I had a design in mind for a scene with two characters. I knew getting the pose and composition right would be the tricky part so after getting some ideas down on paper I moved into Curvy 3D 4.0 to try out some poses on dummies.
So - to begin I sketched some dummies. I loaded a good front & side sketch (Loomis has great ones) onto Cubes and drew the entire body with Lathes. Below is the Lathe for the torso, made with just three drawn curves.
Here is a dummy in a neutral pose matching the reference drawing.
To make my characters contrast with each other I scaled their dummies to make a tall strong figure and a shorter slim shape.
I could have used Bones to pose the models, but in this case just prefered to rotate the pieces individually. The only bits with more complicated deformation were the torsos - for these I used a large soft mask brush to select the shoulders and ribcage and just rotated that - producing a gentle bend of the backbone.
It is a lot easier posing these simple dummies than doing the same on a merged and sculpted model - as all the joints are just overlapping objects.
With the poses looking OK I continues to add some clothes and props. This is probably the most varied part of the sculpt - I used a wide variety of cutting and joining techniques to turn the simple lathes into more complex shapes and continuous skins - for example "Voxel Merge" and "Weld to Parent". I also used some new Curvy 4.0 tools like "Drop Curve to Surface" and "Slab with Holes".
Up to here everything is smooth and simple - effectively a detailed base mesh. You could take this into a dedicated sculpting program, or just continue in Curvy with the built in sculpting tools. Roughing up the surfaces and adding creases and definition helps the model look more natural.

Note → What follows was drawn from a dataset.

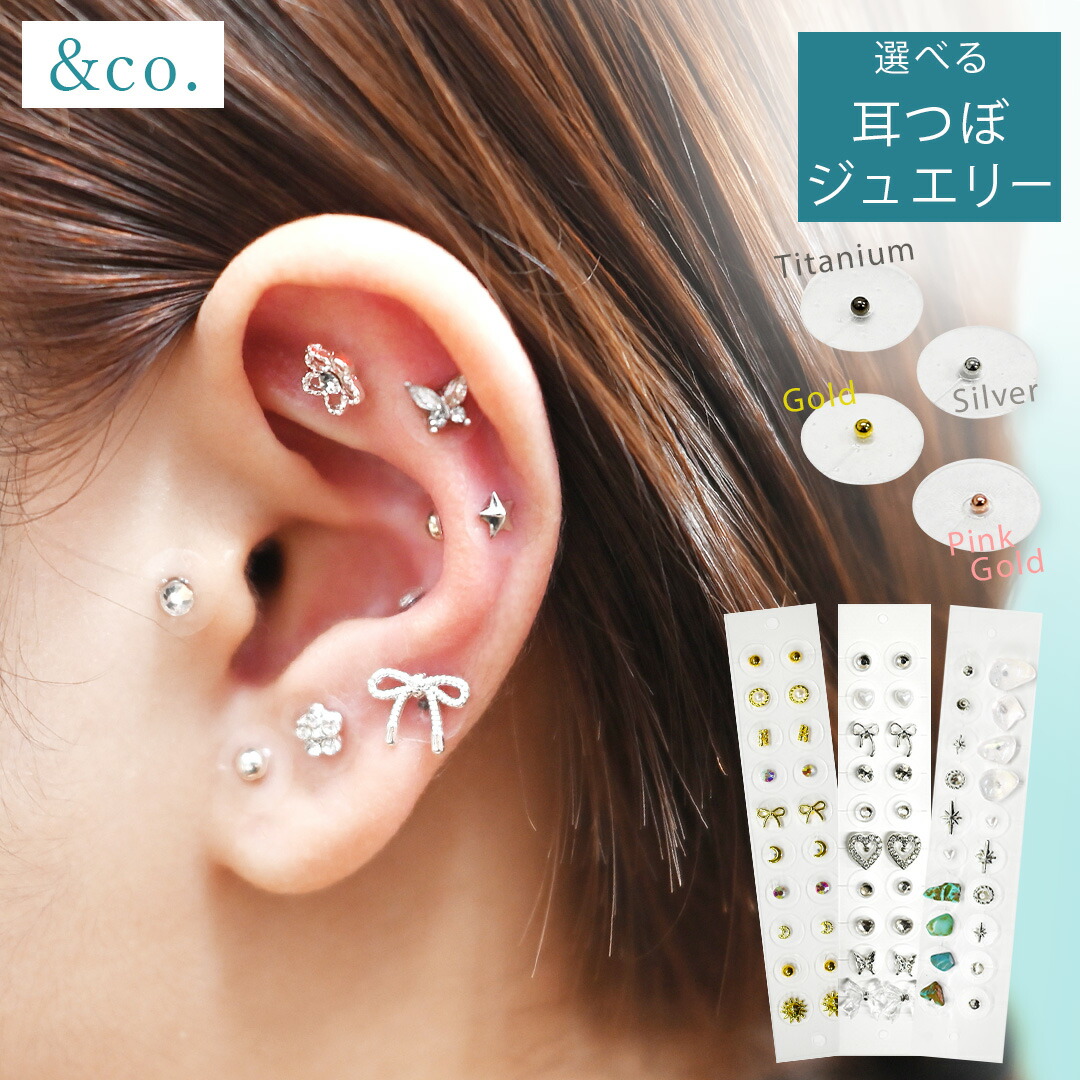 \めざましテレビで紹介されました/ &co. 耳つぼジュエリー 耳ツボジュエリー 耳つぼシール セルフ チタン 透明 100粒 ゴールド シルバー ピンクゴールド 耳つぼジュエリーキット
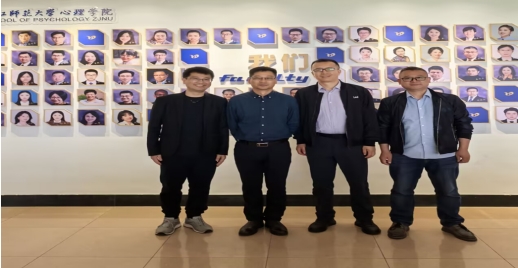 随后,在李新宇委员的陪同下,杨院长和陈方博士拜访了浙江师大心理学科带头人、著名心理健康教育与危机干预专家李伟健教授和心理学院院长孙炳海教授,参观了浙江省哲学社会科学实验室“儿童青少年心理健康与危机干预智能实验室”,杨青宝副院长亲自体验了虚拟心理干预实验。

You can see below where I have sculpted in details - the mesh automatically subdivides to add detail where you are sculpting.
The final model in clay shading -
The final render - I rendered multiple screenshots of the same scene with different Lightmap and HDR settings, and composited the shots in 2D afterwards as well as adding a background and doing some colour correction. This made it easier to manage multiple lights and a strong backlight.